RECORDS SUPPLIED START
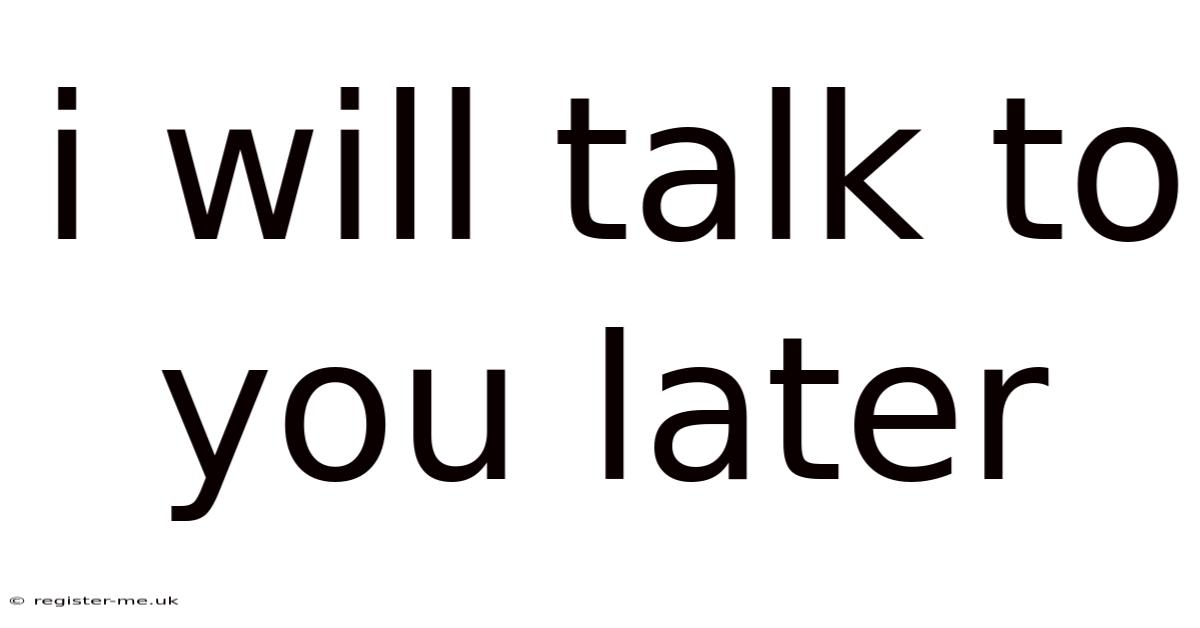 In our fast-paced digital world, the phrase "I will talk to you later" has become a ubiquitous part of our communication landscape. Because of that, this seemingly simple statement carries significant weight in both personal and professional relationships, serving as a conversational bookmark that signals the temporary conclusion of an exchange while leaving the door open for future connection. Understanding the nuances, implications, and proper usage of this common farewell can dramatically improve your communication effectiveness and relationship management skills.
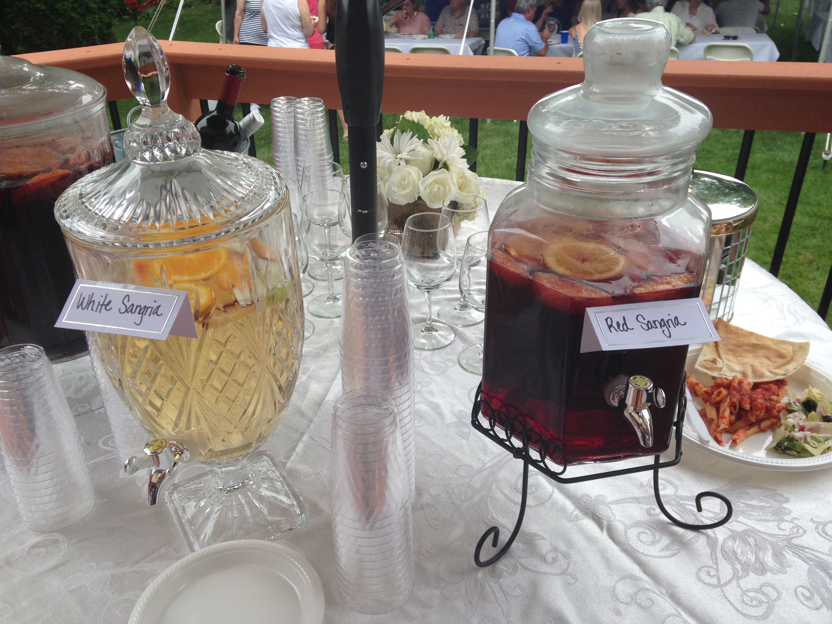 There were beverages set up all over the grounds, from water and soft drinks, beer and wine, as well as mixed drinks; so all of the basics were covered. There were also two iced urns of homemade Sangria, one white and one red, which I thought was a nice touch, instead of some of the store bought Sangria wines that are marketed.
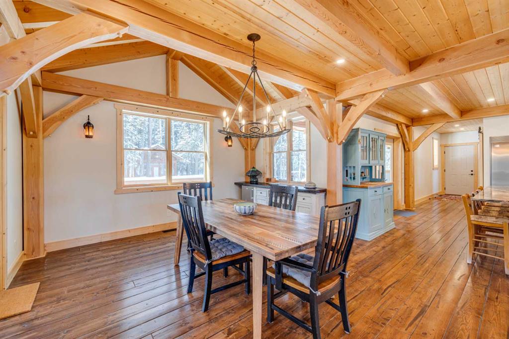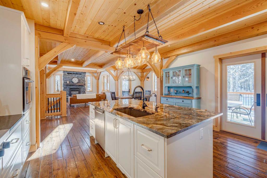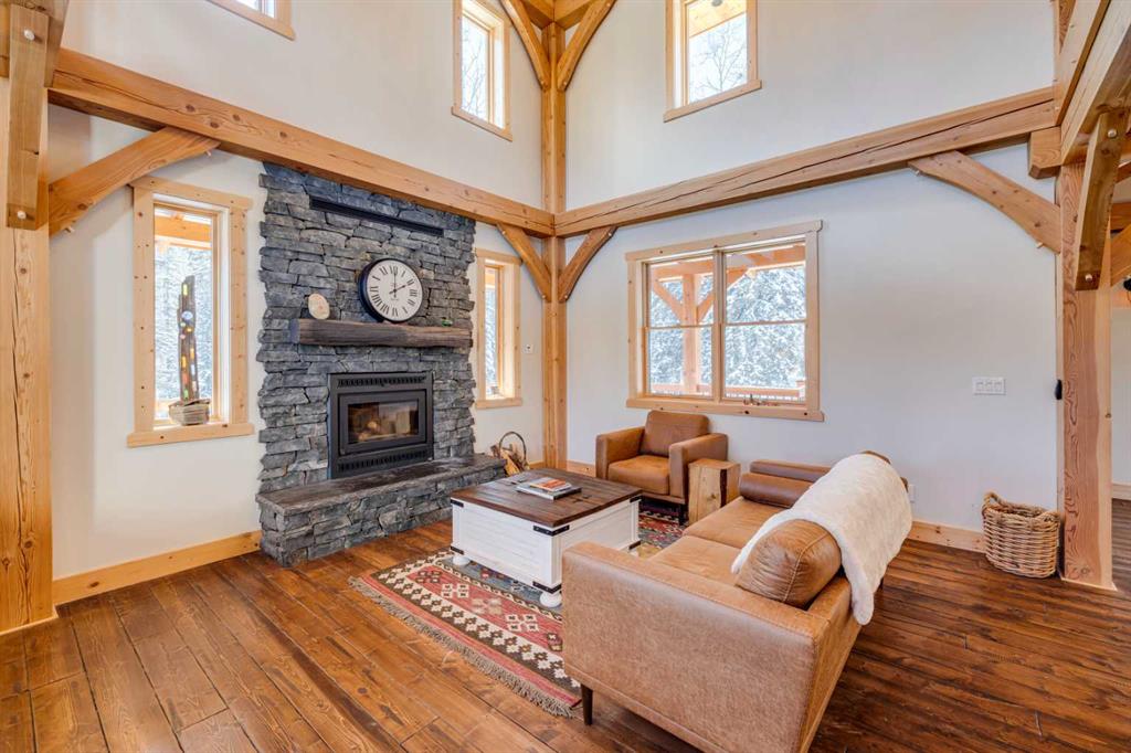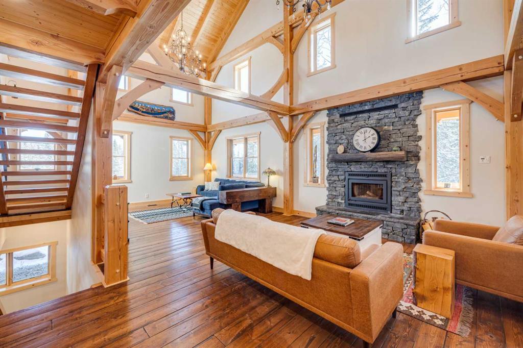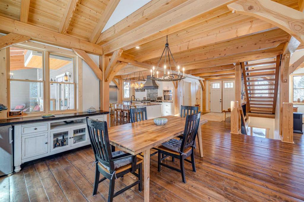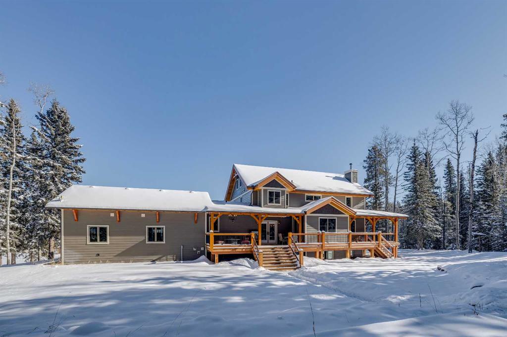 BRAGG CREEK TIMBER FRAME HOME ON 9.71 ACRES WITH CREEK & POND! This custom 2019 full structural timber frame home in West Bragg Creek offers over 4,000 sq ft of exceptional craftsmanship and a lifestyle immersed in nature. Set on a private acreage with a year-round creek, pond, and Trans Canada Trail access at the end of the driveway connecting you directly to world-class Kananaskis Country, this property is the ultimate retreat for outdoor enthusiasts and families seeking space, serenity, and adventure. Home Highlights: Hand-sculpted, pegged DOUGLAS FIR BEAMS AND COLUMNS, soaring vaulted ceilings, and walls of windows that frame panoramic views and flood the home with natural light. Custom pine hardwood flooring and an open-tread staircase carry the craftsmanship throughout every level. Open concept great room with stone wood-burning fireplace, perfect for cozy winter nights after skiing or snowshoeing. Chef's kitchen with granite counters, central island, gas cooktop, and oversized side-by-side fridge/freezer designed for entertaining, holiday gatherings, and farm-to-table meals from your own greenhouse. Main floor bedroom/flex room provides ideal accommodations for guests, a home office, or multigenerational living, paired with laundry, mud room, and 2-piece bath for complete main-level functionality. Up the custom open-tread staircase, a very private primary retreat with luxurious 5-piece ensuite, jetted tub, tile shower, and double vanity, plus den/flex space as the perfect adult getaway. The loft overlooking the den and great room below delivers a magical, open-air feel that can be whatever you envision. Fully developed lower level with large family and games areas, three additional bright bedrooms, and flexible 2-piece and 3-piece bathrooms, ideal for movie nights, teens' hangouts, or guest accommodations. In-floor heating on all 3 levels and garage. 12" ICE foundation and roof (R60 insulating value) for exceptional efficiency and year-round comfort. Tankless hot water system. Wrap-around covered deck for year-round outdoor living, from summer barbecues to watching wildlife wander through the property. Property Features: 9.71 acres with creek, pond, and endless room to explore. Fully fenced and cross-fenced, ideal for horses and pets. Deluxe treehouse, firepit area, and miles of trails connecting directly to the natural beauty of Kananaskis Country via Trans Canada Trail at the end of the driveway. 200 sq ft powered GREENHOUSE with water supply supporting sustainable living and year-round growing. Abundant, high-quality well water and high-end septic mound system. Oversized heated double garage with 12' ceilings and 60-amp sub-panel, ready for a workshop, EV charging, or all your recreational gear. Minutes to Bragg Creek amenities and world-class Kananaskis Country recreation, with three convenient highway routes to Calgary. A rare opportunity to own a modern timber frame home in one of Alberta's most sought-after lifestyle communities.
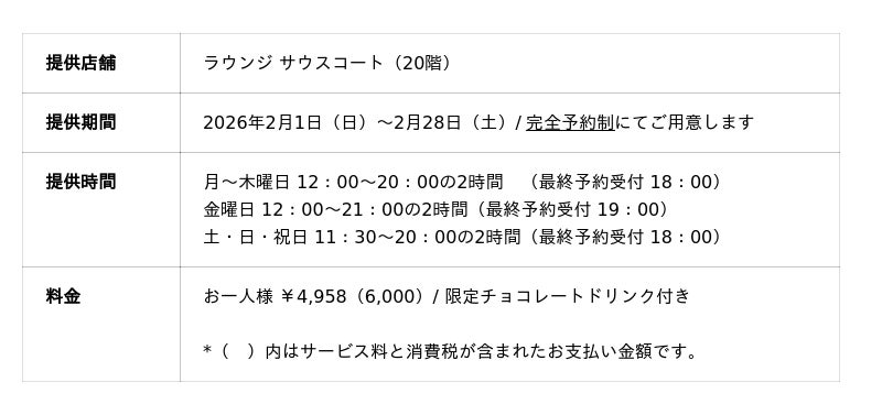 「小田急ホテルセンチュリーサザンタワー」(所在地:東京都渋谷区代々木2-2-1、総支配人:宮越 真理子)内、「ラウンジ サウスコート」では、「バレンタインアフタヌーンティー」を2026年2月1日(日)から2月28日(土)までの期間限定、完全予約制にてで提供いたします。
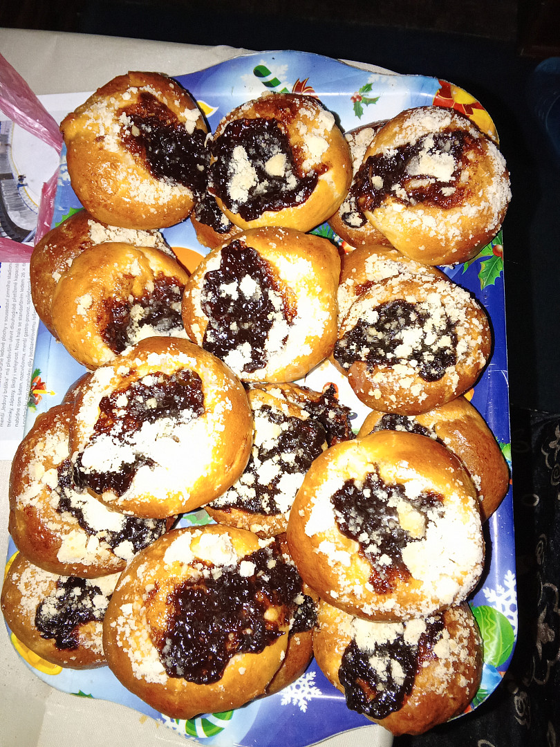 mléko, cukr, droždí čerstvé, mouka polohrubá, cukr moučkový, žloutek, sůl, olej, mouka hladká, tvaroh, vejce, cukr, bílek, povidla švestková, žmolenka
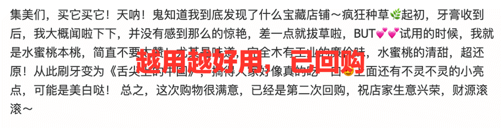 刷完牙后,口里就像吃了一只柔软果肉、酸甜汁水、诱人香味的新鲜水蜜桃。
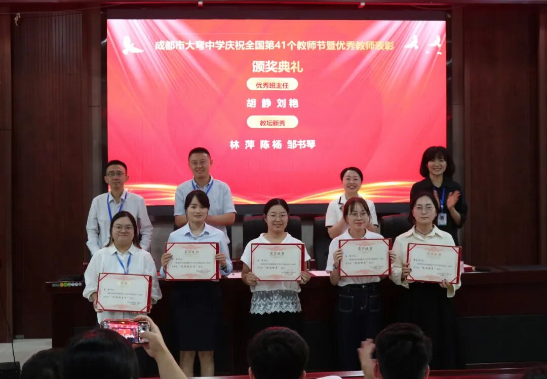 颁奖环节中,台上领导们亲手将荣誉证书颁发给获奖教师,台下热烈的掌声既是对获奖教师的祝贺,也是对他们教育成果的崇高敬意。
RECORDS SUPPLIED END
__DIRECTIONS FOR THIS TASK__
Nothing but the lines from the start of the records above through the line with "There were beverages" should be retyped, each exactly as written; leave out all pictures.

__OUTPUT FOR THIS TASK__
 In our fast-paced digital world, the phrase "I will talk to you later" has become a ubiquitous part of our communication landscape. Because of that, this seemingly simple statement carries significant weight in both personal and professional relationships, serving as a conversational bookmark that signals the temporary conclusion of an exchange while leaving the door open for future connection. Understanding the nuances, implications, and proper usage of this common farewell can dramatically improve your communication effectiveness and relationship management skills.
 There were beverages set up all over the grounds, from water and soft drinks, beer and wine, as well as mixed drinks; so all of the basics were covered. There were also two iced urns of homemade Sangria, one white and one red, which I thought was a nice touch, instead of some of the store bought Sangria wines that are marketed.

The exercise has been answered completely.